今週も薩摩の青少年教育「郷中教育」についてご紹介しています。
先週からお伝えしていますように、薩摩の朝鮮の役出征に伴い、鶴丸城下の風紀は大いに乱れ、留守居役の新納忠元は、心を痛めます。
そこで、自分が少年時代に日新公を中心として催された組織『咄』にならって、新たな組織『二才咄』を作ります。そして忠元は、その組織に属する若侍が日頃守らなければならないルールを『二才咄格式定目』と定めました。

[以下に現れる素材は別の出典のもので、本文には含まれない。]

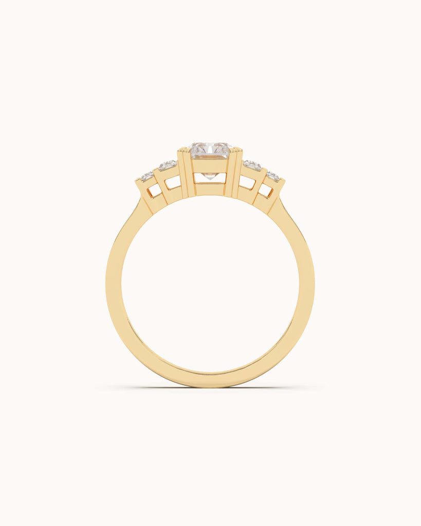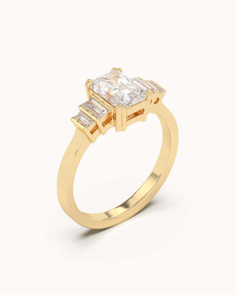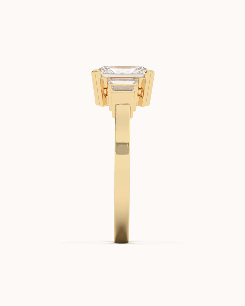 The geometric ring features an emerald-cut lab-grown diamond at the centre, with baguette-cut stones arranged on either side. Its clean lines and balanced design are inspired by architectural shapes. A timeless yet distinctive choice for a modern engagement ring.

その中で薩摩の諺として、この言葉をご存知でしょうか?
「山坂の達者は心懸くべきこと」
これは、「男子たる者は、険しい山道や坂道も達者に越えられる、たくましい足腰を鍛えておかなければいけない。その為には、普段から身体の訓練をしておき、いざと言う場合に備えておくべきである」
という意味です。
この山坂達者は、現在でも見ることが出来ます。
それは秋、柿の実が紅く色づくころに行われる「妙円寺詣り」です。
慶長5年、関ヶ原の戦いにちなみ、妙円寺跡の徳重神社までのおよそ20キロの道のりを歩いて参拝する伝統行事です。昔は、往復40キロの道のりを鎧・兜に身を固め、夜を徹して歩いていたので、足腰が鍛えられていなければできないことでした。
鹿児島にはこの妙円寺詣りの他に、現在の鹿児島市吉野町の心岳寺詣り、加世田詣りなどの参詣行事がありました。
背景には、神社が建設されている地方の二才衆、つまりその地方の郷中と親睦を深めるという重要な意味があったようです。
詳しくは、それぞれの神社詣りの日にご紹介する予定です。
では、今日も、鹿児島のこの言葉でお別れしましょう。また来週。毎日ごわんそ!